ECB reshuffle begins as states hold fire for future posts copy

Bloomberg

When euro-area finance ministers launch the process to find a new European Central Bank vice president, they won’t be flooded with nominations. So far, only Spain has said it will put forward a candidate to replace Portugal’s Vitor Constancio, whose term expires at the end of May, with Finance Minister Luis de Guindos the most likely nominee.
The meeting in Brussels kicks off a two-year process to replace two-thirds of the ECB’s top officials that involves striking a balance between nationalities, gender and competency. A southern European choice such as Spain’s Guindos for the vice presidency would bolster the case for someone from the north of the continent to succeed President Mario Draghi. Germany, the region’s largest economy, has never held the post and Bundesbank head Jens Weidmann is widely seen as a potential successor to Draghi.

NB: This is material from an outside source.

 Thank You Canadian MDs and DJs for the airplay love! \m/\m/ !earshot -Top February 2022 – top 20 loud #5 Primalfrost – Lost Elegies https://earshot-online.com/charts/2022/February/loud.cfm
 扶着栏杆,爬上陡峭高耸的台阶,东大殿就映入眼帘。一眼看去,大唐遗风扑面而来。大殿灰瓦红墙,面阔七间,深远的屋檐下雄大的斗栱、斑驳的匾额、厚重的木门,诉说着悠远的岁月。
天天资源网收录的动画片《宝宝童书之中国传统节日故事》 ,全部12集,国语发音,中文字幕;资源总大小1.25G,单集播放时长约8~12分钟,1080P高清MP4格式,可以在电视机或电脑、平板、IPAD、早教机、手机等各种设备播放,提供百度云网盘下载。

Ireland, the only founding member of the euro that never had a seat in the ECB’s Executive Board, will probably hold off this time and look to put forward a contender for a future opportunity, according to people familiar with the government’s thinking.

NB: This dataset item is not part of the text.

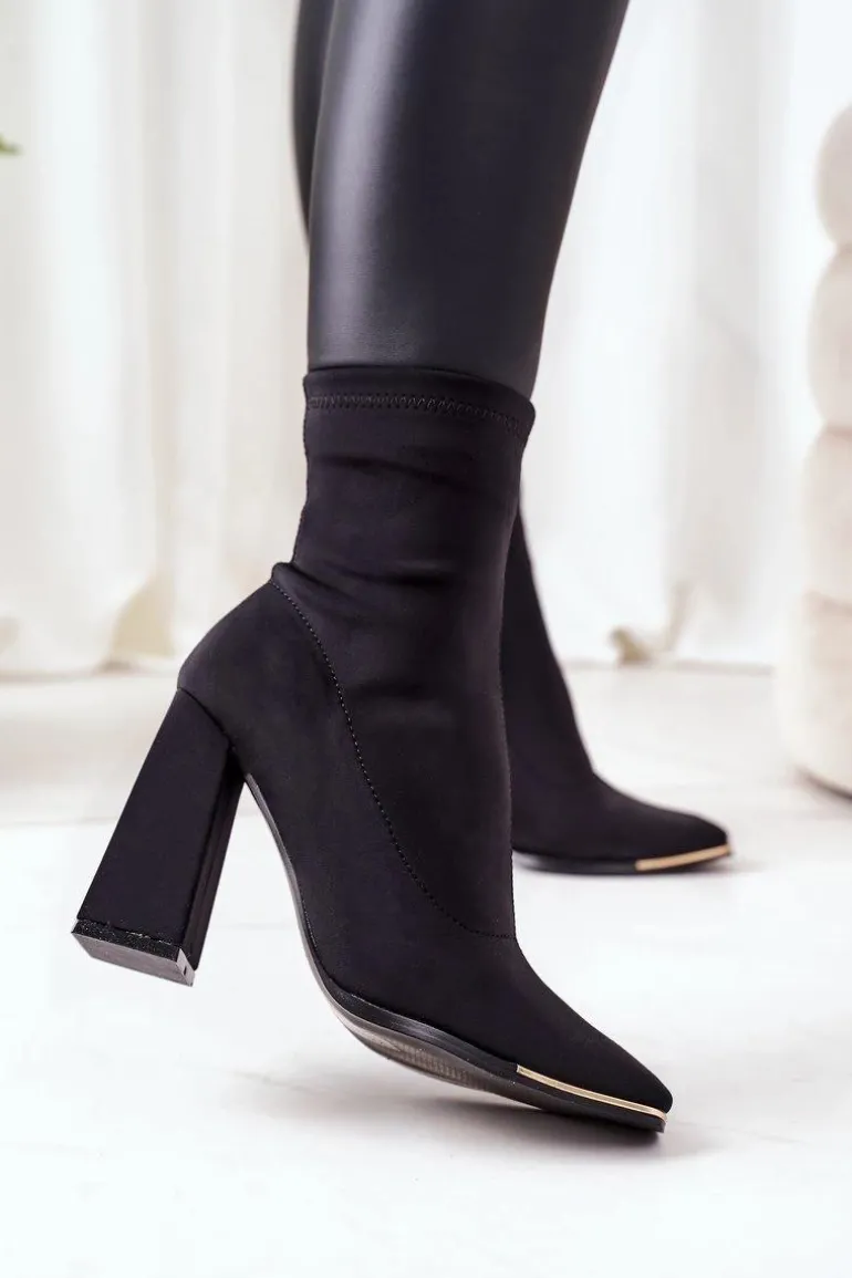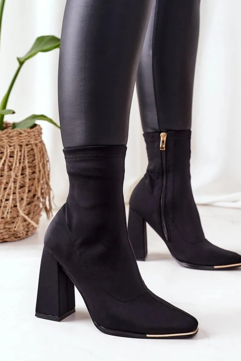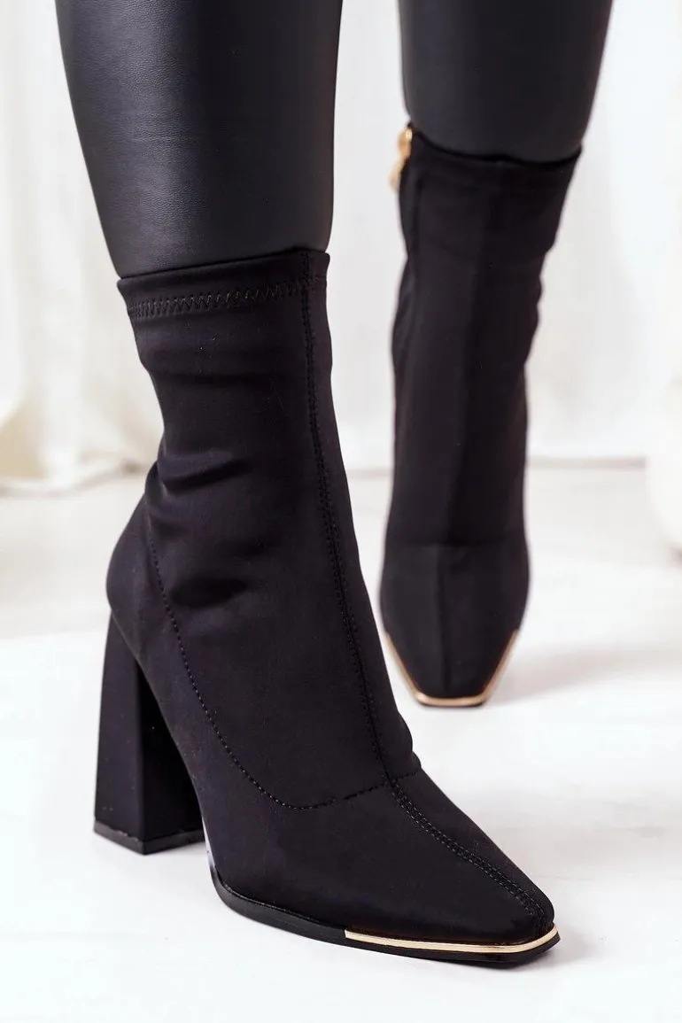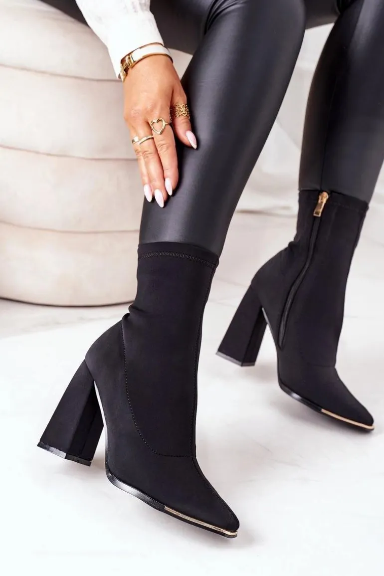 Piękne botki na słupku wykonane z elastycznej tkaniny. Wyjątkowy obcas oraz kwadratowy nosek urozmaicą każdą stylizację! Przy wyborze rozmiaru prosimy sugerować się tabelą rozmiarów.

The Irish aren’t alone in holding out. With four other top ECB jobs becoming vacant before the end of next year — including a new head of banking supervision — governments are already bolstering the credentials of potential candidates. The latest such move came when French President Emmanuel Macron made Sylvie Goulard one of two deputy governors of the Bank of France, placing an ally and a veteran of the European Union in the realm of the bloc’s top monetary policy makers.

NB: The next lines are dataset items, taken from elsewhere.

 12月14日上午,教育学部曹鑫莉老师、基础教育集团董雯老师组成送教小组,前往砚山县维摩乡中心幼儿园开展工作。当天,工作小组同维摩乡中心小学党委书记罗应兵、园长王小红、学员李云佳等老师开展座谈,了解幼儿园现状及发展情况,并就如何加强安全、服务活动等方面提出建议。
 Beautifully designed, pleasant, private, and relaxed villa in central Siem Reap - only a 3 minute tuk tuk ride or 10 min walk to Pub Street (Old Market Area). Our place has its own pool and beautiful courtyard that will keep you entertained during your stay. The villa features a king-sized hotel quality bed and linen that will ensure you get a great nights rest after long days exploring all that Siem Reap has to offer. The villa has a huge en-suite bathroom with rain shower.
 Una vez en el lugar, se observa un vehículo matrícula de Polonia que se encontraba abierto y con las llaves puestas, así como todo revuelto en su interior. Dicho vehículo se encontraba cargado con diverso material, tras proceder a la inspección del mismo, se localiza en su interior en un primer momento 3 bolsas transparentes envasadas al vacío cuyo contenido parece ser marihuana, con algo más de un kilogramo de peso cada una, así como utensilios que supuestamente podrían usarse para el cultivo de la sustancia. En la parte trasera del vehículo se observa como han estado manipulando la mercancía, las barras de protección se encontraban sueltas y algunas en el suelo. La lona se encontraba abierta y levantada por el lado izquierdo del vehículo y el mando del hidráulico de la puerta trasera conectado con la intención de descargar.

Monday’s meeting will be chaired by another Southern European in a key role, Portugal’s Mario Centeno, who will make his debut leading the gatherings of the currency bloc’s finance ministers, the Eurogroup. After asking for nominations on Monday, finance chiefs will likely settle on one or more candidates in February.
The nominees must then undergo a hearing and a non-binding vote at the European Parliament, before EU leaders confirm the appointment. The scrutiny of European lawmakers could prove problematic for the 57-year-old Guindos.
They want a shortlist of at least three names that includes women — a request that should be taken seriously after the appointment of Luxembourg’s Yves Mersch was stalled for months in 2012 over a lack of female contenders. The gender issue will once again play a key role in the jostle for ECB jobs in the coming months and countries that can field women candidates with a strong profile are likely to have an advantage.
While Irish deputy central bank governor Sharon Donnery and Italian former ECB official Lucrezia Reichlin will be potential contenders, France has an advantage in this respect: Besides Goulard, it can field two widely known figures, International Monetary Fund Managing Director Christine Lagarde and London Business School professor Helene Rey. Another French academic, Natacha Valla, will soon move to Frankfurt to take up a place at the heart of the ECB’s policy making as deputy director general in the bank’s economics department.
POLITICAL APPOINTMENT
“We have been consulting with our own central bank and they would also be happy if a person like de Guindos would be working for the ECB,” Latvian Finance Minister Dana Reizniece-Ozola said in an interview on Monday. “I would also personally favor de Guindos at this point,” she said, adding that what Latvia expects from the next vice president is a person who will pursue “a conservative monetary policy.” The appointment of Guindos, a sitting finance minister, would also mark a break with the ECB’s technocratic tradition.
Yet he wouldn’t be the first politician to move straight into a central bank with Germany appointing deputy finance minister Joerg Asmussen in 2012. Former EU Commissioner and Finnish Economy Minister Olli Rehn was appointed in February to the board of the Bank of Finland, where he is widely expected to replace outgoing governor Erkki Liikanen later this year.